[Dataset excerpts]
Segment Open
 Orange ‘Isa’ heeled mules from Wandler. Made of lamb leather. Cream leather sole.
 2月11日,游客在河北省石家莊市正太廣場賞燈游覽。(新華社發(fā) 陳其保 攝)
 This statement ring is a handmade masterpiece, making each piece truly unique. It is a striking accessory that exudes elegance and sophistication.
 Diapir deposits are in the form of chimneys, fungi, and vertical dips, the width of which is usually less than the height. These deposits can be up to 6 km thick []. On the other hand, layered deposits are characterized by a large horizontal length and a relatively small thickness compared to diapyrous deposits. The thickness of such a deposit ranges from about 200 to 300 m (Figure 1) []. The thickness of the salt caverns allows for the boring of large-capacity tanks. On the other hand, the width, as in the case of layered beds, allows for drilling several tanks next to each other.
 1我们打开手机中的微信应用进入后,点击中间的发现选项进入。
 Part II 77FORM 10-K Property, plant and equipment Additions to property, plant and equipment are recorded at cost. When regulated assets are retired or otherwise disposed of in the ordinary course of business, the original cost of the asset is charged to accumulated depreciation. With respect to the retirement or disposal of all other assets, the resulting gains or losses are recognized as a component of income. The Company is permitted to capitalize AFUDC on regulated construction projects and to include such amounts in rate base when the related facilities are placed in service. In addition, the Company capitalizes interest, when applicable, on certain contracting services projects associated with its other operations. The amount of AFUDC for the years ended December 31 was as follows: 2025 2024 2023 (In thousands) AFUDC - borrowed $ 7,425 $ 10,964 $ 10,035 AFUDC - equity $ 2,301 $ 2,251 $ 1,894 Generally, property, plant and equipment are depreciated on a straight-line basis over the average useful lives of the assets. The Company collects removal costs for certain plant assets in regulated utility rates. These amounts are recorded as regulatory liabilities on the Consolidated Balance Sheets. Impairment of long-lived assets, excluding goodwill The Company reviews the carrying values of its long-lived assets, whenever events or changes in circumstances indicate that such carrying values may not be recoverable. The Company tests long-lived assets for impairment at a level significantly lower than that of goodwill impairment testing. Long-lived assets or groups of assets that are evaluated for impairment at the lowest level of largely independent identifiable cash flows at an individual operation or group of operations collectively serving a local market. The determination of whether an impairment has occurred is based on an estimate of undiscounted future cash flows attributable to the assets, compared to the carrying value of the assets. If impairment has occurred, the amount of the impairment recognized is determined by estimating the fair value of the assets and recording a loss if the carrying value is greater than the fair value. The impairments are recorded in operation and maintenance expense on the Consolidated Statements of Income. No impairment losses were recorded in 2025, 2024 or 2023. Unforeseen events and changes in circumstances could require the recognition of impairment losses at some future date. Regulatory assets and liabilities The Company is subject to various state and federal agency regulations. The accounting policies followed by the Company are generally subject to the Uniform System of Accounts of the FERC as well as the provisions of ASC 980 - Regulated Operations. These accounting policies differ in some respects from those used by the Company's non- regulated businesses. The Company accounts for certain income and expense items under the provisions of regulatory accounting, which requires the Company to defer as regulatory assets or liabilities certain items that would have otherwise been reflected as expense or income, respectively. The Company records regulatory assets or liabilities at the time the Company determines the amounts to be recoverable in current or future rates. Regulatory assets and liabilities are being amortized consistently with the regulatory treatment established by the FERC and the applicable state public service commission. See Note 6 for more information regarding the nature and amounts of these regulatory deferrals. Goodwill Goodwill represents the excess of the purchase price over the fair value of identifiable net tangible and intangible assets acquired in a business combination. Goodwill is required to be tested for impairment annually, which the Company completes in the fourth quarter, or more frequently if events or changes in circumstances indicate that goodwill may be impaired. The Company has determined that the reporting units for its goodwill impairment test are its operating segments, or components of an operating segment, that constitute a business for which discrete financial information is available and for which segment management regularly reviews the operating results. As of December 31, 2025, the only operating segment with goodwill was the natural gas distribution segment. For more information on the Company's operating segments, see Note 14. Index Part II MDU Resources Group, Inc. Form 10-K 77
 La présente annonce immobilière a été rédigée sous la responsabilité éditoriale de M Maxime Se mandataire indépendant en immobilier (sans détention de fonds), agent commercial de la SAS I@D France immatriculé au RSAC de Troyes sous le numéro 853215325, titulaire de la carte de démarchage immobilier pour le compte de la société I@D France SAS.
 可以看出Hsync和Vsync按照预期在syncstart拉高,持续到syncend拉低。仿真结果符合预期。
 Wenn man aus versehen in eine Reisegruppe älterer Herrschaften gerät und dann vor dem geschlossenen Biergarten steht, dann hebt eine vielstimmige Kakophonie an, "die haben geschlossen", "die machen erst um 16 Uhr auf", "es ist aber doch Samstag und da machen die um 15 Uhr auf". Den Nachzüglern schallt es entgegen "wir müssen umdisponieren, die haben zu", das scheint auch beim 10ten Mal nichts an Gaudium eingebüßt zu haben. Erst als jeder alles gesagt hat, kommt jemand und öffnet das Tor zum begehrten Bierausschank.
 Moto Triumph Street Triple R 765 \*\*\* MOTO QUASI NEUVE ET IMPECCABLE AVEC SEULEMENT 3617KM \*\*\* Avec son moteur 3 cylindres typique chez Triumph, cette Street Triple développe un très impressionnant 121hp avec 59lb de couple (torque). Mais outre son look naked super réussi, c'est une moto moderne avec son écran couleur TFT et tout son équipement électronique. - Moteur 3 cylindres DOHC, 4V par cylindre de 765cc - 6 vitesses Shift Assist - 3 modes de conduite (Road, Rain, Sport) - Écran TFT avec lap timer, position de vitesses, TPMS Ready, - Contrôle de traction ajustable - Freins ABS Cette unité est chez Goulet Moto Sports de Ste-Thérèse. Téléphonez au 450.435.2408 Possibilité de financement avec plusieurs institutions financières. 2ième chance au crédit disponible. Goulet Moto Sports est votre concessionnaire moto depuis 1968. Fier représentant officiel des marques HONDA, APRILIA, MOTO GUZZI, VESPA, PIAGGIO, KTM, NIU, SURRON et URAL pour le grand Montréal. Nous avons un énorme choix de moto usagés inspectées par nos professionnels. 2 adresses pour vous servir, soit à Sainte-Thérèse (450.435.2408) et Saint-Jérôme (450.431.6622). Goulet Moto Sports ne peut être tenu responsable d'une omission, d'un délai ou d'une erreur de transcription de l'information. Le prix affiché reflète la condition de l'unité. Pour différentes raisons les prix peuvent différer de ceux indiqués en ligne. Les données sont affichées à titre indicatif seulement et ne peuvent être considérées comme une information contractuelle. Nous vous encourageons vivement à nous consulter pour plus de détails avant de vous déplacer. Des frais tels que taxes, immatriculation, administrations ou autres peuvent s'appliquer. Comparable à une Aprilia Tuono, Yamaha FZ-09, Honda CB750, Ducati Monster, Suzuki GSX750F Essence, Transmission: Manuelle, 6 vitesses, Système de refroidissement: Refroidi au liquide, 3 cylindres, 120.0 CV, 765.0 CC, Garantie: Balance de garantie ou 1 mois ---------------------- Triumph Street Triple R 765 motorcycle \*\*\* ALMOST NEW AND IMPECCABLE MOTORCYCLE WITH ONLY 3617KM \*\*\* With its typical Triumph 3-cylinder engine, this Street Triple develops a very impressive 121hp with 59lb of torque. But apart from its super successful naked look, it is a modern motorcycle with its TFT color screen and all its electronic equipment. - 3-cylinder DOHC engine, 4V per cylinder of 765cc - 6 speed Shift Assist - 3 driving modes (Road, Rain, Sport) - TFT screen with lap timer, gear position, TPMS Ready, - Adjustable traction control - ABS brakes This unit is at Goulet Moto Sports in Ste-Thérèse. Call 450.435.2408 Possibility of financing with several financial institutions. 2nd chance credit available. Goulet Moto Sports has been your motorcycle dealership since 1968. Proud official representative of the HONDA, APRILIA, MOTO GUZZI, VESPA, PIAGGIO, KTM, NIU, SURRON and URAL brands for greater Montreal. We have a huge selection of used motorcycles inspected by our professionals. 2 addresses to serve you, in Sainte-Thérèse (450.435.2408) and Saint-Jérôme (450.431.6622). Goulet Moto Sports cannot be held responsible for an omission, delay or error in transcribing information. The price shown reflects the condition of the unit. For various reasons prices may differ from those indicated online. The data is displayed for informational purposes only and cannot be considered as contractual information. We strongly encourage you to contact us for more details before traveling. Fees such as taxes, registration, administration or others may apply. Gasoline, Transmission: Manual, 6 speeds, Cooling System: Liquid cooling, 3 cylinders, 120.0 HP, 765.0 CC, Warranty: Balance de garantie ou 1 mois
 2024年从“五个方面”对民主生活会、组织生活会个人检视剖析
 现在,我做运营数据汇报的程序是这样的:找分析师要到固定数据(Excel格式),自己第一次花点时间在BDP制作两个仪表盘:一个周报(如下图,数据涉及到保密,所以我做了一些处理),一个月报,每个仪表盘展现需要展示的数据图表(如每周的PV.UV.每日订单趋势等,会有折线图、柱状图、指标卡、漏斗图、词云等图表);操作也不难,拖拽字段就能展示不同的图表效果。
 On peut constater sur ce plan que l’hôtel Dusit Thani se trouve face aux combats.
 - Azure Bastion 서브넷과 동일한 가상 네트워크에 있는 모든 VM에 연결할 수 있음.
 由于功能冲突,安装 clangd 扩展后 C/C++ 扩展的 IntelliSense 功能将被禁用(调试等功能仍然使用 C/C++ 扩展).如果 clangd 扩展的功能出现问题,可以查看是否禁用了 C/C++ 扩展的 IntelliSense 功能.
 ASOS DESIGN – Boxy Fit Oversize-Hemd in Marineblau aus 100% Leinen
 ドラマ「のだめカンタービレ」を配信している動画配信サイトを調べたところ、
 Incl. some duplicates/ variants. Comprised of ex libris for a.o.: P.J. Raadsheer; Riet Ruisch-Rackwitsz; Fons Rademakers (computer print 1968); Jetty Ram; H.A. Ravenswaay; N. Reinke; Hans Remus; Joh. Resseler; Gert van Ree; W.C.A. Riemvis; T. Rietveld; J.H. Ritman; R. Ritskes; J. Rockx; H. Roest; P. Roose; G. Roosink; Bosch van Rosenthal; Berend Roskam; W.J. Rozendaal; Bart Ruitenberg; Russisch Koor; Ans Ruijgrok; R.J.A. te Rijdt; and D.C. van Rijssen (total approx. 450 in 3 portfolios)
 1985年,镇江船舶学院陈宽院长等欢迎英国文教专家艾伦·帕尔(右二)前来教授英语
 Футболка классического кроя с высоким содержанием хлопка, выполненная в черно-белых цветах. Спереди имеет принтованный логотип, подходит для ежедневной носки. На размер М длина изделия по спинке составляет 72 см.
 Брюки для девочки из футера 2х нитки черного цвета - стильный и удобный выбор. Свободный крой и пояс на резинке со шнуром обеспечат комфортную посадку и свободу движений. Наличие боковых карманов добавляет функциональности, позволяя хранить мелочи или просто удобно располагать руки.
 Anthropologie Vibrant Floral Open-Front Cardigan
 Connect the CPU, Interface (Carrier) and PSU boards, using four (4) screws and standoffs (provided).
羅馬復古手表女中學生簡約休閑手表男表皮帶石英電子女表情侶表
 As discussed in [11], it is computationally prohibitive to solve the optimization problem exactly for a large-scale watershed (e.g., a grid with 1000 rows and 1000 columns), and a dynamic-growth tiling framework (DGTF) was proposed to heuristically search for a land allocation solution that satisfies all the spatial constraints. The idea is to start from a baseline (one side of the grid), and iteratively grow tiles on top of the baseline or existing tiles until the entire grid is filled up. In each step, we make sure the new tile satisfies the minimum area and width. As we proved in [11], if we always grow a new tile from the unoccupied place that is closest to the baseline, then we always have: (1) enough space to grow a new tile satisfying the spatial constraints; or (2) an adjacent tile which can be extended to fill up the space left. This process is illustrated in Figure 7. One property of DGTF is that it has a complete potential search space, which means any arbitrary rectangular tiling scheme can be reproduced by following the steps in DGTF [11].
Segment Closed
Nothing but the lines from the first line of the data through the line with "2月11日,游客在河北省石家莊市正太廣場賞燈游覽。(新華社發(fā) 陳其保 攝)" should be returned, exactly as they appear, both ends included.

§ Answer to the exercise
 Orange ‘Isa’ heeled mules from Wandler. Made of lamb leather. Cream leather sole.
 2月11日,游客在河北省石家莊市正太廣場賞燈游覽。(新華社發(fā) 陳其保 攝)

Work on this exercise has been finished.